#### REQUIREMENT:
Set down all of the entries below exactly, and omit the pictures.

☆ ☆ ☆ ☆

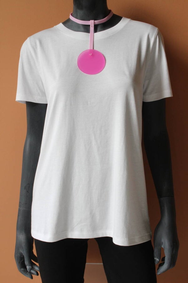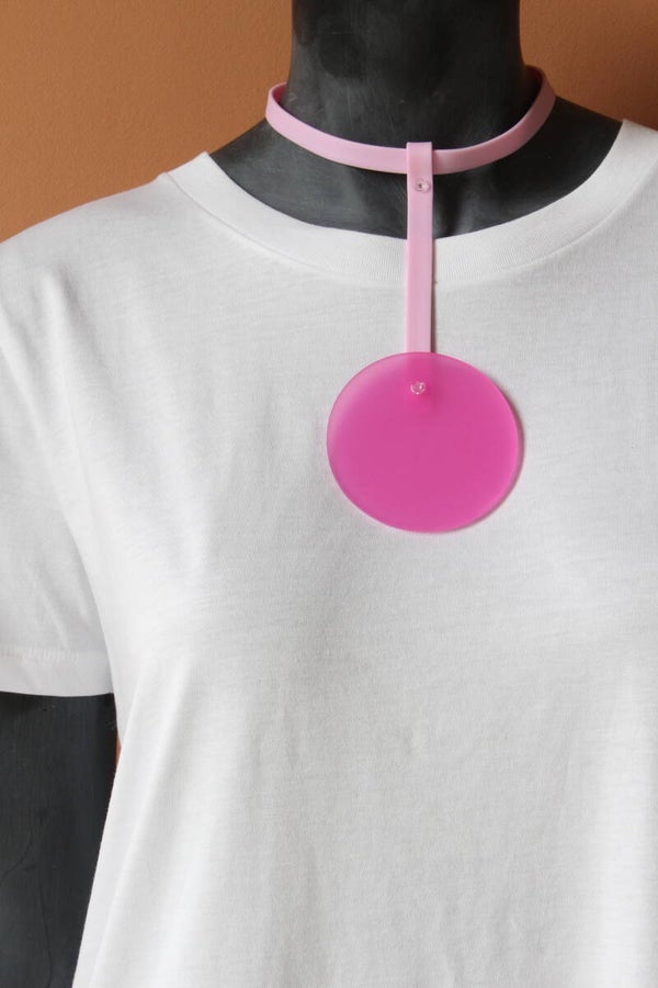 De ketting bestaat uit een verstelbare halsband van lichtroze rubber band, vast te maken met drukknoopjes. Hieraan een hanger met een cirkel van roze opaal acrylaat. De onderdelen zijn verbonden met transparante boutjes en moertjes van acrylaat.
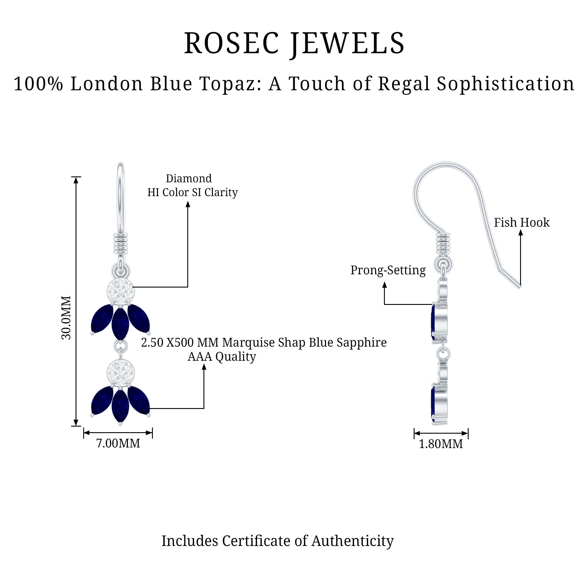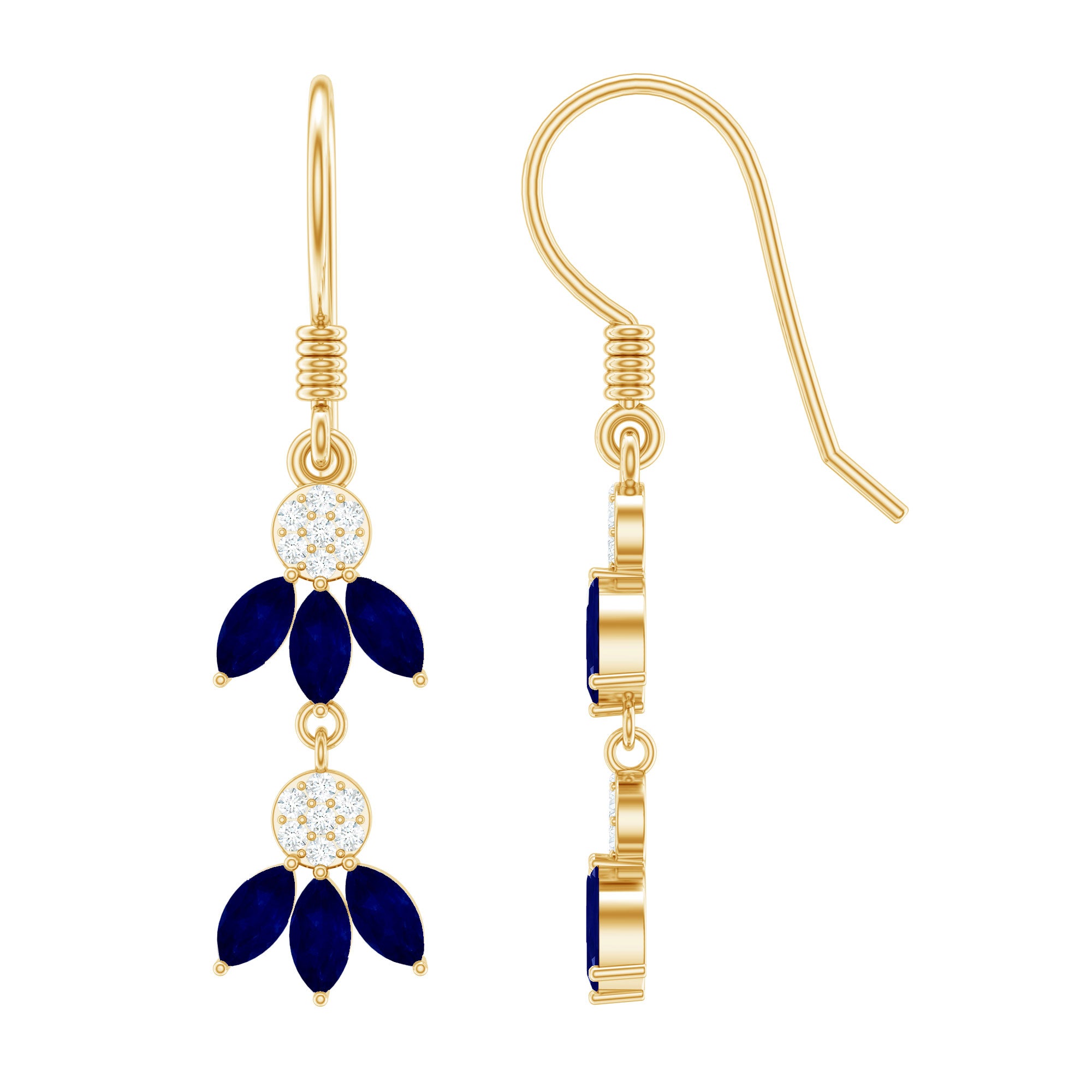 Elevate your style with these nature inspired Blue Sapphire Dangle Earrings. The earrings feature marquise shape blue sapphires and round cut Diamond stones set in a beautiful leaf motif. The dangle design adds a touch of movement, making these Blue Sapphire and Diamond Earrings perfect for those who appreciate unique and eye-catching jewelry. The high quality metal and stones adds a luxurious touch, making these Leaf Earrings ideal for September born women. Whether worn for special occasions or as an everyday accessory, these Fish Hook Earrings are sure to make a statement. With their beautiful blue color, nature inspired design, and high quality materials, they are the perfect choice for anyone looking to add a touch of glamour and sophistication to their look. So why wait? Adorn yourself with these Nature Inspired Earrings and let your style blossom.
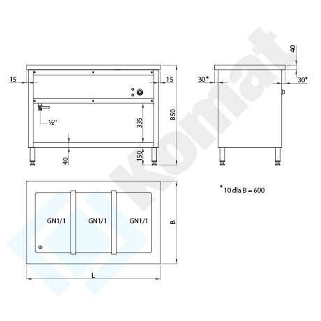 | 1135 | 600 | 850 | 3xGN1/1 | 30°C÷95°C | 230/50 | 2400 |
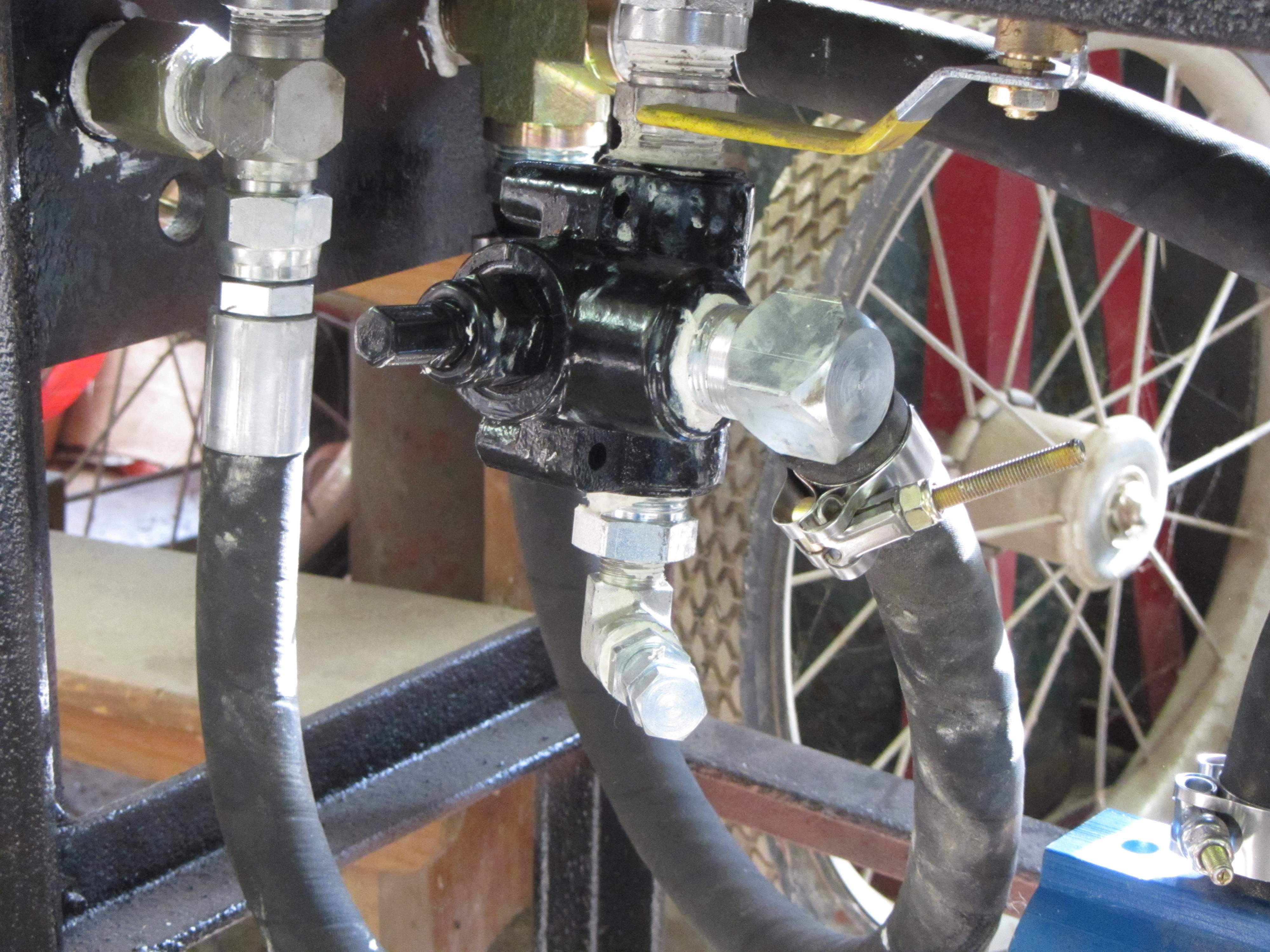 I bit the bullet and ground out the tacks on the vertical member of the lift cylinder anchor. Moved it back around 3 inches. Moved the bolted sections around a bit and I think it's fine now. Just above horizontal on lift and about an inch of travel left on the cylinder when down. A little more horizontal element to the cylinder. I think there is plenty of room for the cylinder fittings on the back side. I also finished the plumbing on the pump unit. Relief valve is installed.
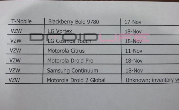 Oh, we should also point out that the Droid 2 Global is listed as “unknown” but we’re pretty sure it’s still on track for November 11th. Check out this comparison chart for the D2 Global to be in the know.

☆ ☆ ☆ ☆

#### ANSWER TO THE PROBLEM:
 De ketting bestaat uit een verstelbare halsband van lichtroze rubber band, vast te maken met drukknoopjes. Hieraan een hanger met een cirkel van roze opaal acrylaat. De onderdelen zijn verbonden met transparante boutjes en moertjes van acrylaat.
 Elevate your style with these nature inspired Blue Sapphire Dangle Earrings. The earrings feature marquise shape blue sapphires and round cut Diamond stones set in a beautiful leaf motif. The dangle design adds a touch of movement, making these Blue Sapphire and Diamond Earrings perfect for those who appreciate unique and eye-catching jewelry. The high quality metal and stones adds a luxurious touch, making these Leaf Earrings ideal for September born women. Whether worn for special occasions or as an everyday accessory, these Fish Hook Earrings are sure to make a statement. With their beautiful blue color, nature inspired design, and high quality materials, they are the perfect choice for anyone looking to add a touch of glamour and sophistication to their look. So why wait? Adorn yourself with these Nature Inspired Earrings and let your style blossom.
 | 1135 | 600 | 850 | 3xGN1/1 | 30°C÷95°C | 230/50 | 2400 |
 I bit the bullet and ground out the tacks on the vertical member of the lift cylinder anchor. Moved it back around 3 inches. Moved the bolted sections around a bit and I think it's fine now. Just above horizontal on lift and about an inch of travel left on the cylinder when down. A little more horizontal element to the cylinder. I think there is plenty of room for the cylinder fittings on the back side. I also finished the plumbing on the pump unit. Relief valve is installed.
 Oh, we should also point out that the Droid 2 Global is listed as “unknown” but we’re pretty sure it’s still on track for November 11th. Check out this comparison chart for the D2 Global to be in the know.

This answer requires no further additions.